陶小宝开始也是不打算理会那女人,但只是玩味她的话,很快又是醒悟。这里的老板马禄花,好像舟哥和芸芸在说话中就提到过,而那女人说她也姓马,还自称是这里的老板。
“如果喜欢这里的话,就跟着她走。”
她这又什么意思啊,陶小宝虽然在想,但已经没有多余时间让他想了,或许这有可能就是舟哥说的机会。而一个人要有了机会,他又是放弃的话,结果会怎么样?
只是想起欧师傅,现在基本上到老了,却仍然穷鬼一个,而且还是被人踩着可怜巴巴过日子。
于是,反应过来的陶小宝也不犹豫了,立即放开步子地追赶地跟了上去。
进到办公室,马禄花已经是斜坐在办公桌后面。她看着陶小宝,让他就坐那红色的金丝绒长沙发。
不过陶小宝并没有坐下,而是就这样站着地等待。而马禄花也不再勉强,便开始了问他的情况。
“陶小宝啊,这名字好记。你说和舟儿来的,那我问你,怎么回事你一个人在那,轻舟他人呢?”

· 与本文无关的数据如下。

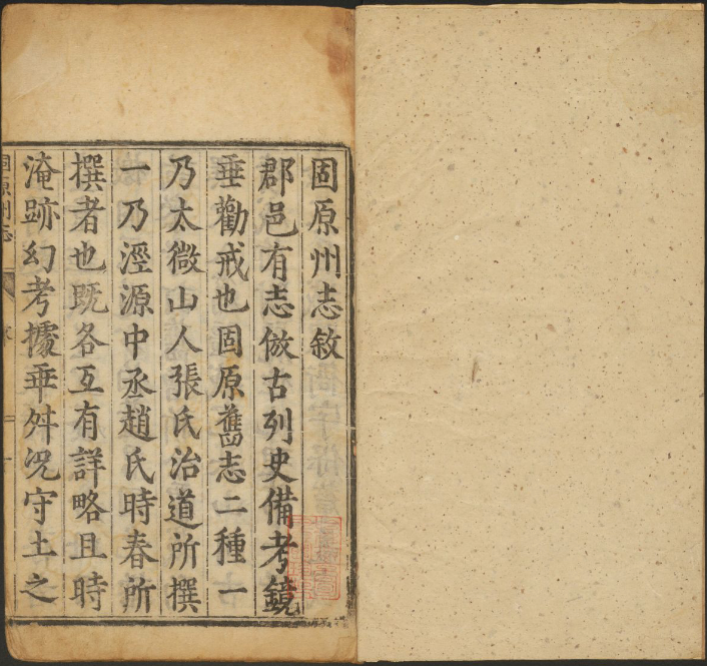 地区:宁夏固原市地方志 书名:万历固原州志 卷数:二卷 作者:刘敏宽 董国光纂修 版本:明万历四十四年(1616)刘汝桂刻本 格式:高清彩色PDF电子影印版 大小:32 MB 页码:117双页

从她这种从容不迫的情况,陶小宝也觉得,这女人老板的身份应该是真的,所以对她的问题,也是老实在回答。
“因为那女同志喊舟哥,说找他有事,就这样。”
“什么事让他这样做,自己带了人来,又是独自地走开?”
“不清楚,反正人家找他,别的就不知道了。”
马禄花开口笑了;“哈哈,你呀,看起来还像小毛孩子一样。说吧,今年多大了?”
陶小宝觉得这女人的笑不好看,嘴巴稍微大了点。不过,说他毛孩子的语气,的确也柔和了许多。
“我怎么毛孩子,翻年人家就是十八了。”
“哦,十八还得翻年呐,也就是,你才十七岁多?”
他急忙地强调;“满十八岁,也就差几个月嘛。”
马禄花含着笑,快活地说道;“哈,当真,十八了。十八岁的哥哥坐在河边,按旧时候的说法,也该成熟大人了!”
也许是她这成熟大人,让陶小宝感觉到了希望,于是坐直身体,表情也是严肃地,尽量显得像一个稳重的大人。
“那么小宝同志,刚才找舟哥的,你说是女人吧?”
“是的,舟哥喊她周姐。”
马禄花脸色一暗,明显不怎么高兴地说道;“这女的我知道,但我也不怕你告诉舟儿,要那女的和他不干好事的话,我这眼睛里可是掺不了沙子。”
“不干好事,你说舟哥啊?”陶小宝不解地眨了眼睛。
“没别的意思,反正我马禄花有自己的原则。人就是再想钱,这正大光明生意要变相搞什么*窝的话,那就是打错了主意!”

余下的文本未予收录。